## About this exercise
Transcribe only the lines in the data below falling between the line with "Non-smoking / no pets" and the line with "B. der Sulkusblutungsindex.", including those two lines, and leave out any picture.
===== Records =====
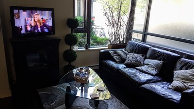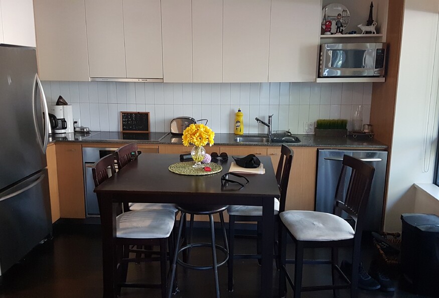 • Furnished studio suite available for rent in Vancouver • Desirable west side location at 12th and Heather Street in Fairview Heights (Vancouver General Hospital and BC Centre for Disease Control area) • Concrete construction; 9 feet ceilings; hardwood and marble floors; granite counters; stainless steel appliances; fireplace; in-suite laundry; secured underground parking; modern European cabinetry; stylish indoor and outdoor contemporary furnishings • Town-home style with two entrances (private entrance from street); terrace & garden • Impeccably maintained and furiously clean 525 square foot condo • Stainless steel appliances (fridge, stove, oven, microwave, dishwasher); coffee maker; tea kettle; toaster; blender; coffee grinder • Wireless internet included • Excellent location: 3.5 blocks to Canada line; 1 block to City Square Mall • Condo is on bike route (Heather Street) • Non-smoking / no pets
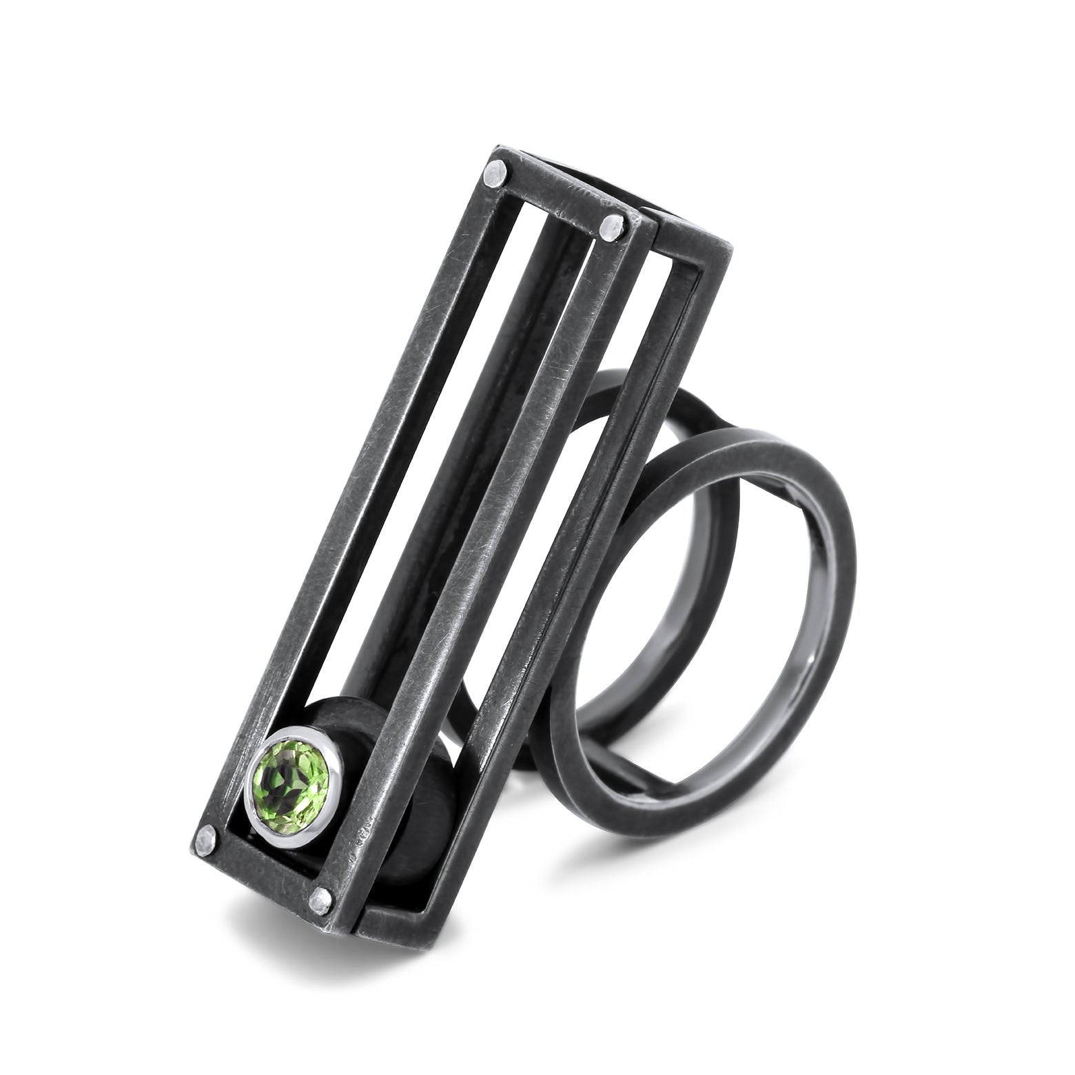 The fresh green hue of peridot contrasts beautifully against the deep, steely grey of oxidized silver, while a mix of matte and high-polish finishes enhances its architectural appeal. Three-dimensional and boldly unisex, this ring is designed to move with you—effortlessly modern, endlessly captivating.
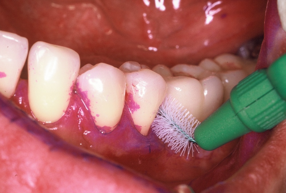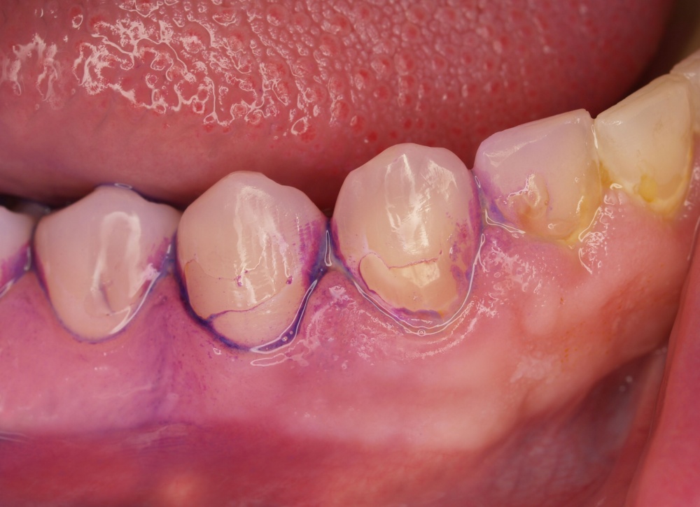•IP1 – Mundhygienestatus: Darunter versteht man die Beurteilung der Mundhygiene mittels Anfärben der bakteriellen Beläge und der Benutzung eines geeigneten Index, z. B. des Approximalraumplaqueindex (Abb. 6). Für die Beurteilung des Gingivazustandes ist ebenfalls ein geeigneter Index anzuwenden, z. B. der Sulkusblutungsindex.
=====
===== Records =====
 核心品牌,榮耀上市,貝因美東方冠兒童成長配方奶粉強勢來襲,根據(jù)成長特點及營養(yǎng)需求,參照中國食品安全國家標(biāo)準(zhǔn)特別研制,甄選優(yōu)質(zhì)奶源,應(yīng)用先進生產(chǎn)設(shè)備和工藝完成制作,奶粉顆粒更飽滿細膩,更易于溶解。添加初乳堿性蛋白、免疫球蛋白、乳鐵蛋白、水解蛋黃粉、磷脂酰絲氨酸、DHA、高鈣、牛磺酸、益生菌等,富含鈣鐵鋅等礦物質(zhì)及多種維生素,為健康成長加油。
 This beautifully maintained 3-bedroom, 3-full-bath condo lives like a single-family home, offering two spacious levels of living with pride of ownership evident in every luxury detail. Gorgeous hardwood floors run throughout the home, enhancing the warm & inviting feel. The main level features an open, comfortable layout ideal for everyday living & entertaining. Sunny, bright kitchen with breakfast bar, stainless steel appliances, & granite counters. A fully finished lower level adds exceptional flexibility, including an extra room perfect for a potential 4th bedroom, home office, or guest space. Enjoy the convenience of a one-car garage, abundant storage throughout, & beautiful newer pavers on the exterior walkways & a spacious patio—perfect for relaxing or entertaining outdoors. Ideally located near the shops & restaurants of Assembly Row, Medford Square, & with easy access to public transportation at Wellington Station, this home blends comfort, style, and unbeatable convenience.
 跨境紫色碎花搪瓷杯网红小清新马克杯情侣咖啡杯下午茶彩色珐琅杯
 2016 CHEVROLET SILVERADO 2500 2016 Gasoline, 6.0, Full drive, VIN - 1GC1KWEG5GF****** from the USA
=====
===== Records =====
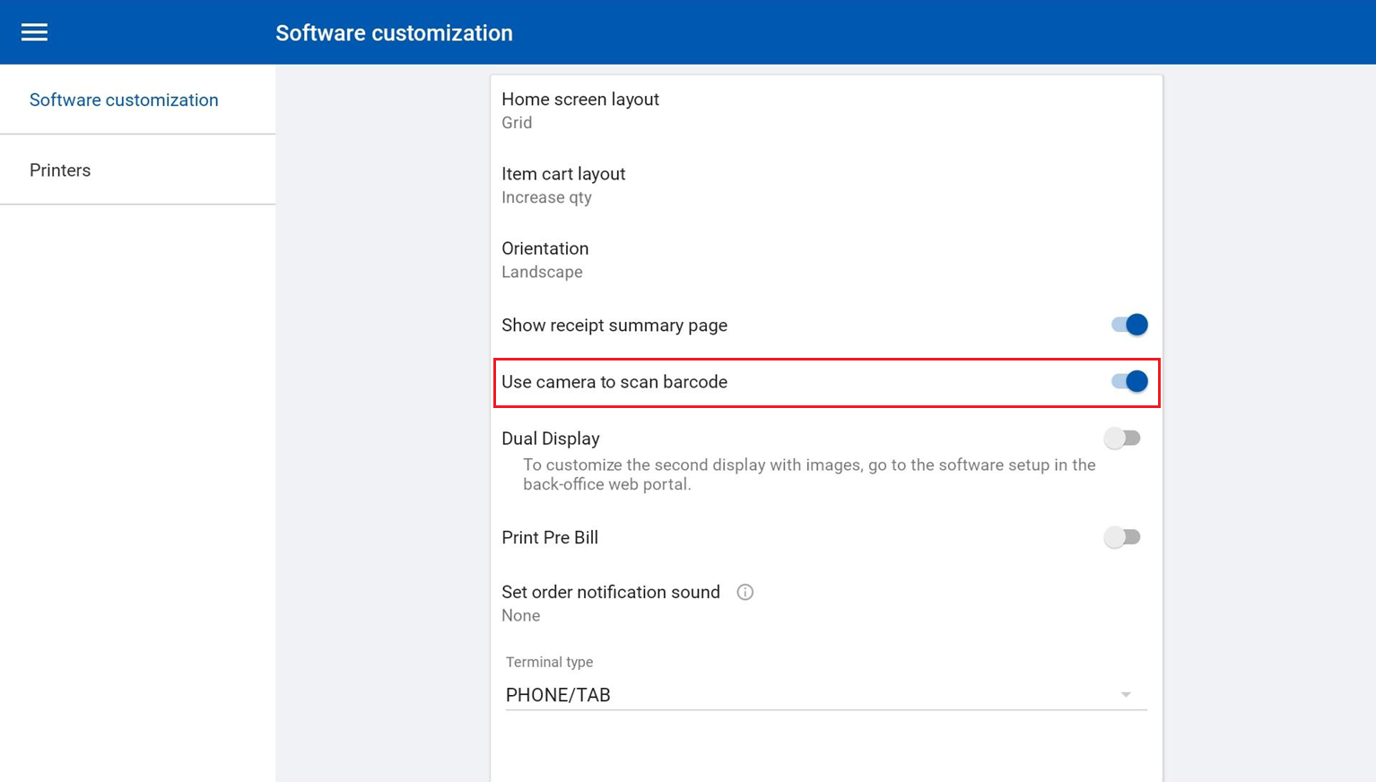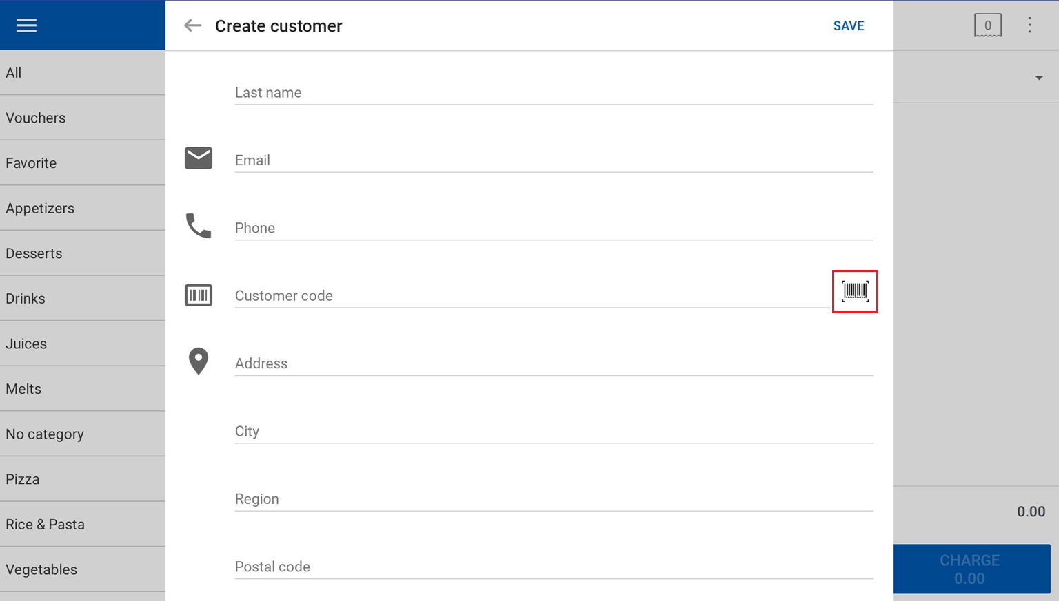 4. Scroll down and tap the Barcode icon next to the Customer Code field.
=====
## Solution for this problem
 • Furnished studio suite available for rent in Vancouver • Desirable west side location at 12th and Heather Street in Fairview Heights (Vancouver General Hospital and BC Centre for Disease Control area) • Concrete construction; 9 feet ceilings; hardwood and marble floors; granite counters; stainless steel appliances; fireplace; in-suite laundry; secured underground parking; modern European cabinetry; stylish indoor and outdoor contemporary furnishings • Town-home style with two entrances (private entrance from street); terrace & garden • Impeccably maintained and furiously clean 525 square foot condo • Stainless steel appliances (fridge, stove, oven, microwave, dishwasher); coffee maker; tea kettle; toaster; blender; coffee grinder • Wireless internet included • Excellent location: 3.5 blocks to Canada line; 1 block to City Square Mall • Condo is on bike route (Heather Street) • Non-smoking / no pets
 The fresh green hue of peridot contrasts beautifully against the deep, steely grey of oxidized silver, while a mix of matte and high-polish finishes enhances its architectural appeal. Three-dimensional and boldly unisex, this ring is designed to move with you—effortlessly modern, endlessly captivating.
•IP1 – Mundhygienestatus: Darunter versteht man die Beurteilung der Mundhygiene mittels Anfärben der bakteriellen Beläge und der Benutzung eines geeigneten Index, z. B. des Approximalraumplaqueindex (Abb. 6). Für die Beurteilung des Gingivazustandes ist ebenfalls ein geeigneter Index anzuwenden, z. B. der Sulkusblutungsindex.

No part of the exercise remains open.